You could leverage collections.defaultdict as well:

years = defaultdict(int) # above 

and remove the if checks around

# if row_year in years:
    years[row_year] += 1  # this should work using a defaultdict(int)
# else:
#    years[row_year] = 1

or use collections.Counter


Shorter code including file generation (with year at row[5] == 6th column) that accomplishes your task:

import csv
from collections import Counter


# Create a demo data file with errors:    
with open("nfl_suspensions_data.csv","w") as f:
    for inter in range(1,10):
        for y in range(1980,2001,inter):
            f.write(f"na,na,na,na,na,{y},na,na\n")
        # corrupt line
        f.write(f"na,na,na,na\n")


# process and count the years:
with open("nfl_suspensions_data.csv") as file:
    nfl_suspensions = list(csv.reader(file))[1:]

as_columns = list(zip(*[l for l in nfl_suspensions if len(l) > 6]))
print(Counter(as_columns[5]))

Output:

Counter({'1980': 8, '1992': 5, '1998': 5, '1986': 4, '1988': 4, '1996': 4,
         '2000': 4, '1984': 3, '1989': 3, '1990': 3, '1994': 3, '1995': 3, 
         '1982': 2, '1983': 2, '1985': 2, '1987': 2, '1981': 1, '1991': 1, 
         '1993': 1, '1997': 1, '1999': 1})
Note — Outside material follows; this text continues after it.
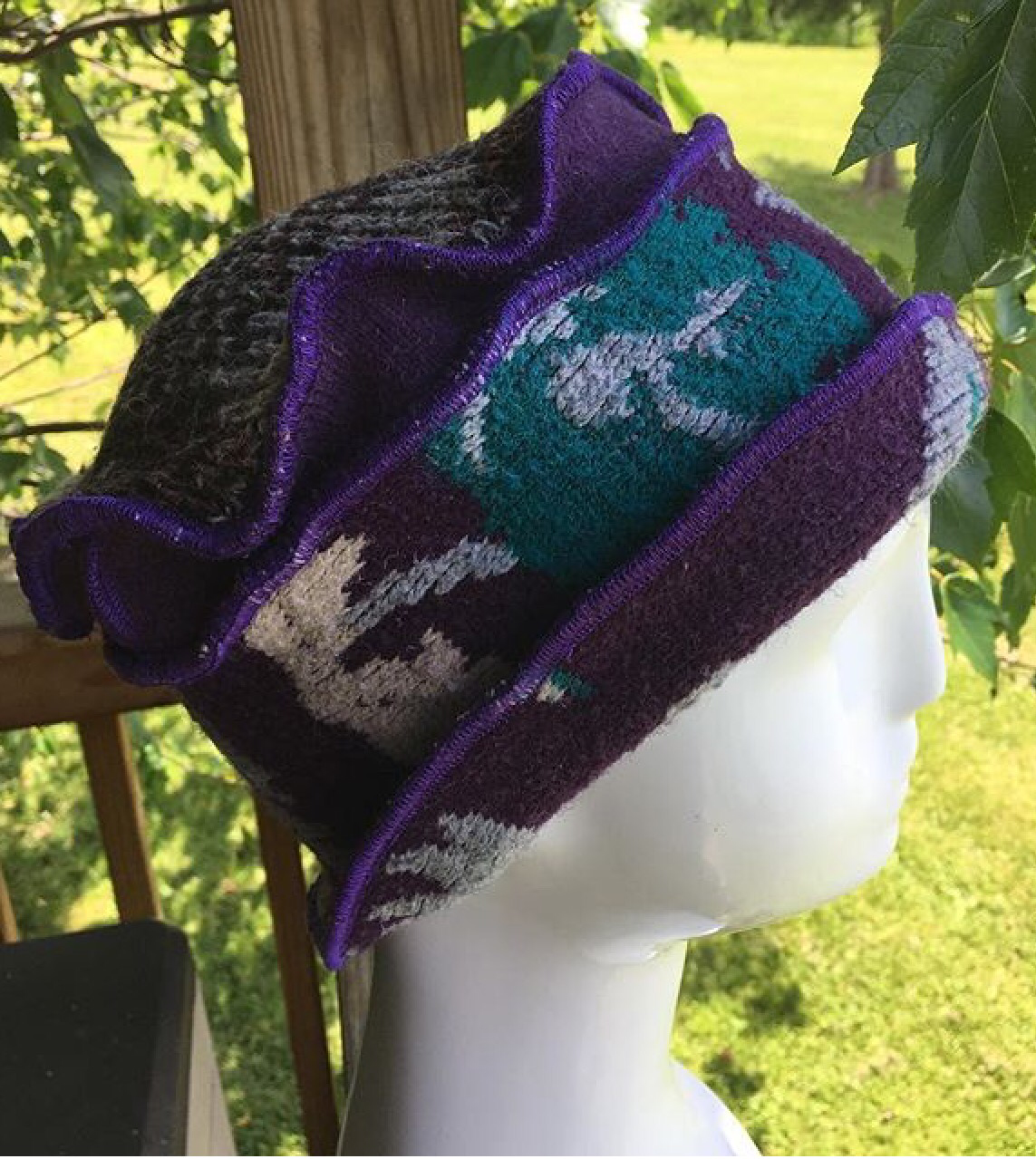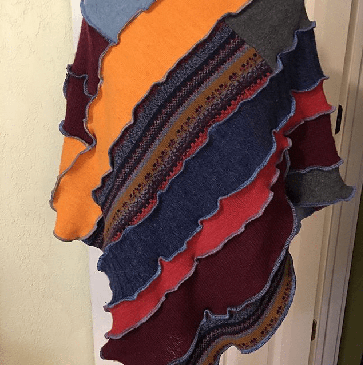 Currently, the Kreationality Etsy shop is fairly empty, because Karen’s stock changes so frequently between summer art shows. If you visit her shop you can see images of her past projects and the customer reviews for them HERE. One of this year’s customer favorites seems to be the poncho. These are pieced together in diagonal strips to add visual interest to each. Don’t you just love the autumn colors in this one?

Your logic fixed, applied to the data generated above:

def your_code_fixed(sus):
    years = {}
    for line_nr, suspension in enumerate(sus):
        try:
            row_year = suspension[5]
        except IndexError:
            # 0 based line_nr, line_nr + 1 due to removed header line  
            print("Data corrupt: less then 6 entries. Line:", line_nr+1)
            print(suspension)

            # skip this data
            continue
        if row_year in years:
            years[row_year] = years[row_year] + 1
        else:
            years[row_year] = 1
    print(years)    

with open("nfl_suspensions_data.csv") as file:
    nfl_suspensions = list(csv.reader(file))[1:]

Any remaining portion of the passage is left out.